General Electric said Monday that its longtime chief executive, Jeffrey R. Immelt, would retire at the end of this year, closing out a 16-year run at the helm of the industrial giant.

Immelt’s tenure included a vast overhaul of the conglomerate’s portfolio but also an underperforming stock price that has trailed well below market indexes and competitors.

General Electric is the only remaining member of the original Dow Jones industrial average, created in 1896 by Charles Dow. In the past, its very makeup – electric light bulbs, appliances, NBC – gave GE a touch point to hundreds of millions of Americans and consumers worldwide.

Because of its size and ability to generate cash, the U.S. economy and the millions of pensioners, savers and investors have depended on the success of the General Electric stock price and dividend – whether they knew it or not.

Immelt’s inability to move that stock price – it fell by nearly half during his tenure – was thought by many to be his undoing.

“Why the change?
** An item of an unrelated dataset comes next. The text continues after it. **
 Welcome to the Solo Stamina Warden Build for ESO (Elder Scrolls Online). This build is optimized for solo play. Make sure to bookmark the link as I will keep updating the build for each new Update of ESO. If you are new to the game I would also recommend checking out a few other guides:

Two words: stock price,” said Ivan Feinseth, chief investment officer at Tigress Financial Partners.

“There is no question. The board and shareholders have given Jeff Immelt a long time. He was CEO for almost 17 years in one of the biggest upmarkets cycles in history and the stock has underperformed,” Feinseth said.
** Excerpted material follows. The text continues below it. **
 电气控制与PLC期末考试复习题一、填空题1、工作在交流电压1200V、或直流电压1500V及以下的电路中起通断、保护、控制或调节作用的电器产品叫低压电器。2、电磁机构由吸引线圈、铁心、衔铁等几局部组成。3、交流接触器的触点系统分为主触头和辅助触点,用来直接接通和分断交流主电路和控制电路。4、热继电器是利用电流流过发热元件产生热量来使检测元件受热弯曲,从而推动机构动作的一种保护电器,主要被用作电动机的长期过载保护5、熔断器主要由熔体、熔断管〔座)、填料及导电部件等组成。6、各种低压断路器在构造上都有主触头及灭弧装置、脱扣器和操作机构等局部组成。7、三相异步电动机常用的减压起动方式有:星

Immelt, 61, will be succeeded on Aug. 1 by John Flannery, the current president and chief executive of the company’s health-care business, and will remain chairman until the end of the year. The company said that the announcements were part of a succession plan that had been in place since 2011, and that now was an “ideal time for change.”

The announcement comes amid recent pressure from activist investor Nelson Peltz’s Trian Fund Management, which had pushed GE to cut costs and change up the executive compensation bonus plan.